Add the repo root to `sys.path`, import shared utilities, then load raw RB game-log data from S3.

In [None]:
# Resolve the repo root dynamically so the shared `utils` module can be imported
# regardless of where the notebook is run from within the project tree.
#
# NOTE: `utils` is a private module NOT included in this repository.
# It contains custom web-scraping functions and an S3 client wrapper used
# to fetch pre-scraped NFL data stored in a private S3 bucket. To run this
# notebook you will need to supply your own data source and adapt
# `utils.rush_yard_stats_from_s3()` accordingly.
import sys
from pathlib import Path
repo_root = Path.cwd().resolve().parents[3]
print(f"Adding {repo_root} to sys.path")
sys.path.append(str(repo_root))
import utils


Adding /home/mrmath/sports_betting_empire/sports_betting_empire to sys.path


In [None]:
# Load raw base rushing stats from S3 for seasons 2018-2025.
# This data drives both the offense lookup and the defense allowed calculations below.
base_stats = utils.rush_yard_stats_from_s3("base_stats", 2018, 2025)

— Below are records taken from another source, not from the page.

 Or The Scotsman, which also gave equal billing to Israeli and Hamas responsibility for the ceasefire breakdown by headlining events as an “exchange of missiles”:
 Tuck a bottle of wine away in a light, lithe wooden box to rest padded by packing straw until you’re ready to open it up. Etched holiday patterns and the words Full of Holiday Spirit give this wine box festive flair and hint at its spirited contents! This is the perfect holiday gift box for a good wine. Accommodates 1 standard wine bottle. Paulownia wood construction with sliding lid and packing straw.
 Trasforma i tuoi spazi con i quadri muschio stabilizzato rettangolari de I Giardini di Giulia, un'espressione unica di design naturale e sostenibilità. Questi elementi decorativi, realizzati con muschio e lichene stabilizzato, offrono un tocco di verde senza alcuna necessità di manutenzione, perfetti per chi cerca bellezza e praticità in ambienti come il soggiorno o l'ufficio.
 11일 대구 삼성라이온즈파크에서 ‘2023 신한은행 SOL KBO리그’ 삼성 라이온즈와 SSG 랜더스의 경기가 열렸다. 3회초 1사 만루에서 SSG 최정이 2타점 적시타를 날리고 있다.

## 2. Offensive Rolling Feature Lookup

Build a per-player rolling feature lookup (`offense_rush_stats_LOOKUP`) from `base_stats`.  
This is used downstream to compute **`strength_of_offense`** — the aggregate rolling rushing output of the offense a defense faces — which context-adjusts raw yards-allowed figures.

For every player, the following 1/3/5/10-game rolling means are computed with `shift(1)` to prevent leakage:

| Metric | Columns |
|--------|---------|
| Rush yards | `rush_yards_{1,3,5,10}ma` |
| Attempts | `rush_attempts_{1,3,5,10}ma` |
| Yards per carry | `ypc_{1,3,5,10}ma` |
| Success rate | `success_rate_{1,3,5,10}ma` |

In [None]:
# Build a per-player lookup of rolling offensive rushing features.
#
# This is needed here to calculate `strength_of_offense` — the aggregate
# rolling output of the offense a defense faced — which is used to
# context-adjust raw yards-allowed figures (see defense lookup below).
#
# All windows use shift(1) to prevent same-game data leakage.
# Computes 1/3/5/10-game rolling means for rush yards, attempts, YPC,
# and success rate for every player in base_stats.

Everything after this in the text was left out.